For organizational leaders

Message for organizational leaders

You believe in a private sector solution for solving poverty.

So do we.

Social enterprise is said to be the “silver bullet” of sustainable development for the 21st century, but how do you make it succeed? And how do you make it sustainable?

These are great questions. As you’ve no doubt discovered by now, this “silver bullet” is not without its problems.  Here’s our Top Ten list of the problems you may have to solve in order to fulfill your mission and create a self-sustaining business in the developing world.


“We can’t find good people.”

We often hear this lament: We just can’t find decent sales people or sales managers. Most social enterprises, as well as many businesses in developed nations across the globe, lack the money to attract top talent.  Something other than money must draw people to you. And, most importantly, you must have the internal capability to train them to succeed at their job.

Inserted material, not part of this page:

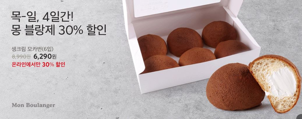 몽 블랑제 30% 할인 이벤트 몽 블랑제 30% 할인 이벤트 정보 포스팅입니다. 몽 블랑제 다양한 제품을 할인 판매하네요. 할인 품목 : 모카번, 단팥빵, 소보로빵 등 이벤트 기간 : 2023년 12월 3일까지 몽 블랑제 30% 할인 이벤트 정보 [링크] 핫딜/식품&생활 2023.12.01

Lack of a detailed, structured sales process.

Most social enterprise organizations simply don’t understand how to sell and how to create a sales organization.  So, they leave people to “figure it out” on their own.  This nearly always results in shoddy, deceitful, and misleading sales practices.

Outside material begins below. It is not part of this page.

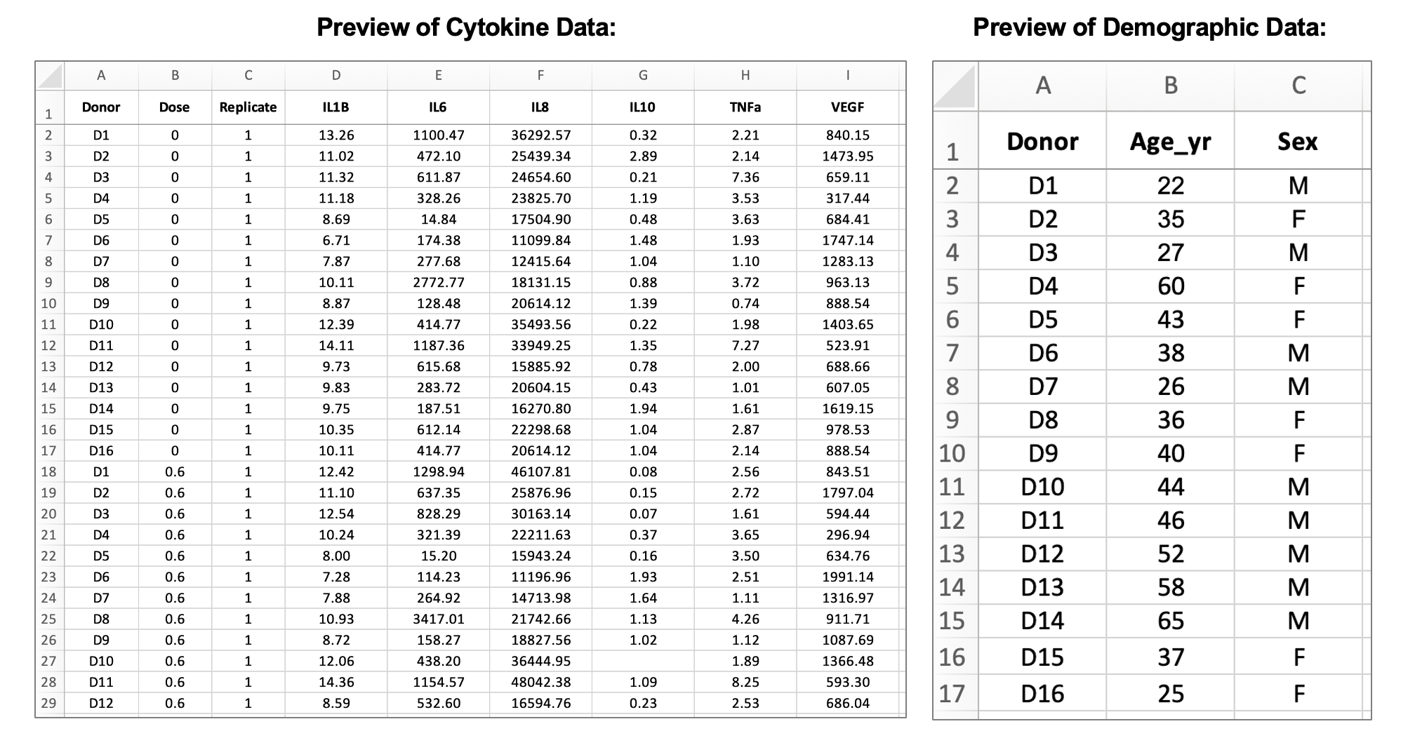 Next, let’s familiarize ourselves with the data that resulted from this experiment. There are two input data files, one that contains cytokine concentration data and one that contains demographic information about the donors:

Inadequate training in sales and sales management.

Lots of money is wasted in poor sales training and ineffective field sales management.  Organizations fail to develop a selling process that’s effective for them and their customers, and they fail to develop a sales management process that can develop and train people to succeed.  What they offer local people is not compelling, and they wind up with many uncommitted and untrained people.  It’s a recipe for sales mediocrity and mission failure.

Irrelevant messaging to the end user.

The mission of the sponsoring organization becomes the focus of the sales presentation, but it completely misses the audience. An example of this is an organization whose mission is to reduce carbon emissions. This isn’t a subject that a villager in Uganda cares about, at least not for his or her immediate needs.

Product-led selling.

We have never yet found a developing world business that was not engaged in product-led selling.  This is an approach to selling in which salespeople greet any show of interest with a lecture about product features and benefits.  Nearly everybody appears to think this is what selling is! It is probably the greatest mistake made in selling anywhere, but, in the developing world, it truly reaches epic proportions.

Each manager’s team size is too large!

Salespeople require individual attention and support. You cannot manage people in groups or treat everyone the same and expect high performance. The larger a manager’s team, the greater the odds of mediocrity and failure.  And sales failure in the developing world equates to people in need not receiving the help they deserve.

Inadequate and even offensive compensation.

If a social enterprise is run by people who have not made a living by selling, the organization invariably tends to undervalue the very hard work that it takes to sell, day after day, and to keep knocking on doors.  They pay too little and are disappointed when people fail to give the commitment needed to succeed.  People quit, leaders are disappointed, and nothing changes. A low-paying commission structure will win you workers who can’t find any other job, or who have multiple jobs, but it won’t attract and retain the people who can really help you succeed.

Lack of visible and attractive career paths.

Without vision, the people perish.   Your salespeople – both prospective and current – need a visible path into your organization that is attractive and that promises enough compensation that they will commit to your mission and its requirements.  People hang onto several jobs to ensure that they will have income.  If you can show them that there’s a ladder to climb, and rewards to attain, you will secure the commitment of time and energy that it takes to build a successful sales force.

Excess sensitivity to local culture.

Ex-pats understandably fear imposing Western culture over local practices. Certainly, it’s important to respect the country you’re in and be sensitive to cultural practices. But we find many organizations compromising sensible strategies and effective practices in the name of cultural sensitivity. Perhaps you’ve found that aspects of the local culture are hindering your business success. How can you solve this without “Westernizing” your employees or customers?

Believing that poor people don’t have money to buy your products.

We saved this one for last, because it’s the big one. The myth that poor people don’t have enough money to buy products causes well-intentioned groups to make really bad decisions on sales strategy. They spend inordinate amounts of time and effort creating consumer financing, subsidizing sales, and offering discounts or buy-now-pay-later options. Such schemes often create more problems than they solve.


These are the top problems we encounter in working with social enterprises in the developing world.